If necessity is the mother of invention, then the pandemic has achieved the impossible: It forced older people to figure out technology.
“I need to write a Mythbusters paper at some point because what we’re learning right now is the older generation and Baby Boomers have converted to virtual visits as seamlessly as the younger generation,” said Houghton. “And in my own experience, my mother and mother-in-law are as attached to their iPads as my kids are. There’s really been a remarkable leveling of people’s comfort using this. There’s also the benefit of multi-generational households; I’ve seen patients when their son or daughter is in the background helping and the reality is that it’s no different than it would have been in my clinic.”
In other words, now that we’ve broken the seal, telehealth is here to stay.
“We are really trying to reinvent healthcare to focus on wellness, meet the patients where they are and take advantage of a digital community that we are all living in,” said Houghton. “Since we have online banking, ride sharing, Instacart and Amazon already, why would healthcare lag behind?

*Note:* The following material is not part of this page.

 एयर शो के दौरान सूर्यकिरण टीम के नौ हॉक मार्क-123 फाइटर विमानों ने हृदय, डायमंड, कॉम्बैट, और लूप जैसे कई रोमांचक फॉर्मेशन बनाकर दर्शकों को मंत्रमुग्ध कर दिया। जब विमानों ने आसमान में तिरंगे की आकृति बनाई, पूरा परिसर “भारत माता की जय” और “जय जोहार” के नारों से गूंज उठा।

“The vast majority of our patients have been remarkably pleased with this and we often hear why haven’t we been doing more already. I think that sentiment from both patients and doctors tells us that we’ve gotten over the hump and that we’re not going back.”
‘Virtual House Calls’
Dr. Katie Taranto, a primary care physician at St. Tammany Health System, agrees with Houghton’s sentiment.
Taranto said St. Tammany started offering telemedicine last year and and saw little interest from patients. Then when the stay-at-home order went into effect, suddenly she and her colleagues were seeing 95% of their patients that way.

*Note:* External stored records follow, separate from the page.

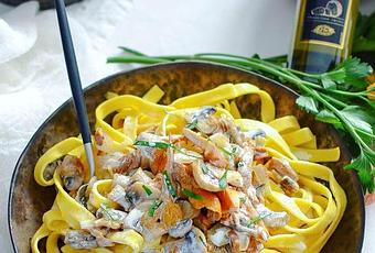 5. Le dressage : disposez les tagliatelles dans 4 assiettes creuses, versez un peu de crème sur le dessus puis ajoutez les champignons. Parsemez de persil ciselé. Servez de suite, bien chaud.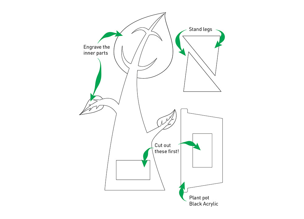 Engrave and then laser cut your plant in the Green acrylic followed by your Plant pot in the black (don’t forget to print the stand legs!). Be sure to cut out the holes for the module to sit, first.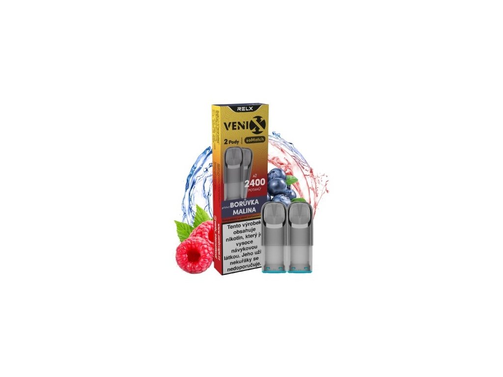 Venix RELX soMatch POD Blueberry Raspberry – Dokonalá kombinace sladkých borůvek a osvěžujících malin. Intenzivní ovocná chuť pro hladký a příjemný vapingový zážitek.

“I wasn’t doing any telemedicine visits before COVID-19 and then all of a sudden I was averaging 15 to 20 video visits per day,” she said. “And we’re doing about five video visits a day now that people are coming back into the office. There are certain things we can’t do via telemedicine – like if we want to check a patient’s blood pressure here – so people are coming back into the office for those.”
One of the benefits of the video visits, said Taranto, is how much they resemble an old-fashioned house call.

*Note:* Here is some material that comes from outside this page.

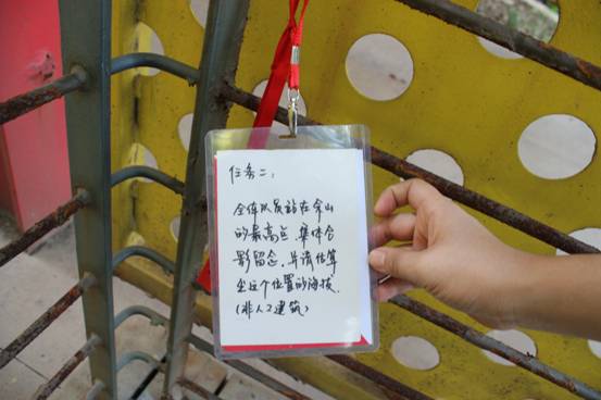 在時間到達之前,每個組的十個尋寶任務都基本上完成了,陸續在山下的廣場集合。手中的任務卡原來是個拼圖,大家一起,拼出了大大的商科LOGO
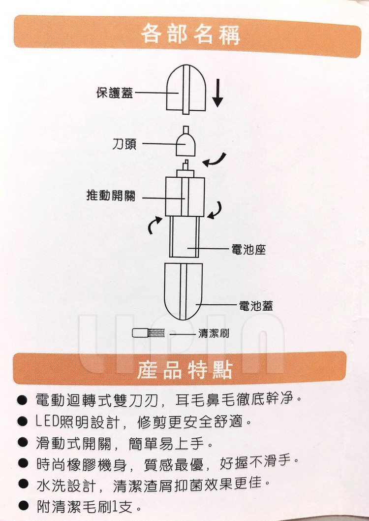 ◆電動迴轉式雙刀刃,耳毛鼻毛徹底乾淨。

“It’s not often that we get to see what patients live their life like outside of the walls of our clinic,” she said. “On a video call, we see their family members and their living situation and that was one of the pluses. We can see what kind of hygiene they keep up at home and certainly any hazards to their safety.”
Taranto said St. Tammany doctors see an average of 22 patients per day. Going forward, the plan is to aim for 25% of those to be telemedicine appointments. Since the video visits tend to be faster than in-person sessions, that could free up doctors to see more patients per day. It also will cut down on the number of people in waiting rooms, which is an added benefit during the pandemic.
“There are certain medical problems – such as mental health, certain rashes, simple upper respiratory infections, urinary tract infections – that can be treated remotely and we are incorporating them into our daily schedule,” she said. “It will certainly become something that we do as a network. As for me, that was my goal before all this started and then we just dove head first in when the pandemic started.”
Taranto said her colleagues at St. Tammany and elsewhere understand that telemedicine is the “wave of the future.”
“It’s a matter of keeping up with the rest of the country, because there’s always competition in healthcare and now everybody wants to have immediate access to doctors on their phone,” she said. “Telemedicine is here to stay and from a business perspective if you don’t provide it they’re probably going to go someplace else.”